Hello!
I have an analyzer with extended_whitespace tokenizer and word_delimiter filter.
Something like:
"analysis": {
"tokenizer": {
"extended_whitespace": {
"type": "pattern",
"pattern": "\\s+"
}
},
"filter": {
"subword": {
"type": "word_delimiter",
"preserve_original": true,
"catenate_numbers": true
}
},
"analyzer": {
"search_fulltext_analyzer": {
"tokenizer": "extended_whitespace",
"filter": [
"subword",
"lowercase",
"filter_ascii_folding"
],
"char_filter": [
"url_encode_pattern"
]
},
}
My problem is that if i have a text like: "NODE_PATH=/usr/lib/node_modules ./upgrade-indices.js upgrades"

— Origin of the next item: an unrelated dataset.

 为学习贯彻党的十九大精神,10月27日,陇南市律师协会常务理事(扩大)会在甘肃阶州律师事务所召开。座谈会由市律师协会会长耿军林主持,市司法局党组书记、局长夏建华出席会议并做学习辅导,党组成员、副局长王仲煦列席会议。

The highlight will be wrong:
"{highlight}NODE_PATH=/usr/lib/node{/highlight}_modules ./upgrade-indices.js upgrades"
Instead of
"{highlight}NODE{/highlight}_PATH=/usr/lib/{highlight}node{/highlight}_modules ./upgrade-indices.js upgrades"

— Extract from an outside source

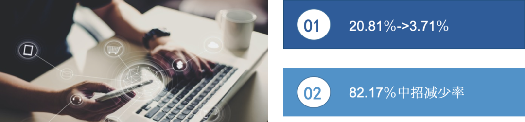 从Coremail数据来看,经过持续有计划的安全意识培训可以使各行业的平均钓鱼邮件中招率从20.81%降至3.71%,从另一个角度看,钓鱼邮件中招减少率也高达82.17%。

I know it has something to do with the offsets. But I can't find a solution.
This is the analyze api result:
{
"tokens": [
{
"token": "node_path=/usr/lib/node_modules",
"start_offset": 0,
"end_offset": 31,
"type": "word",
"position": 0
},
{
"token": "node",
"start_offset": 0,
"end_offset": 4,
"type": "word",
"position": 0
},
{
"token": "path",
"start_offset": 5,
"end_offset": 9,
"type": "word",
"position": 1
},
{
"token": "usr",
"start_offset": 11,
"end_offset": 14,
"type": "word",
"position": 2
},
{
"token": "lib",
"start_offset": 15,
"end_offset": 18,
"type": "word",
"position": 3
},
{
"token": "node",
"start_offset": 19,
"end_offset": 23,
"type": "word",
"position": 4
},
{
"token": "modules",
"start_offset": 24,
"end_offset": 31,
"type": "word",
"position": 5
},
{
"token": "./upgrade-indices.js",
"start_offset": 32,
"end_offset": 52,
"type": "word",
"position": 6
},
{
"token": "upgrade",
"start_offset": 34,
"end_offset": 41,
"type": "word",
"position": 6
},
{
"token": "indices",
"start_offset": 42,
"end_offset": 49,
"type": "word",
"position": 7
},
{
"token": "js",
"start_offset": 50,
"end_offset": 52,
"type": "word",
"position": 8
},
{
"token": "upgrades",
"start_offset": 53,
"end_offset": 61,
"type": "word",
"position": 9
}
]
}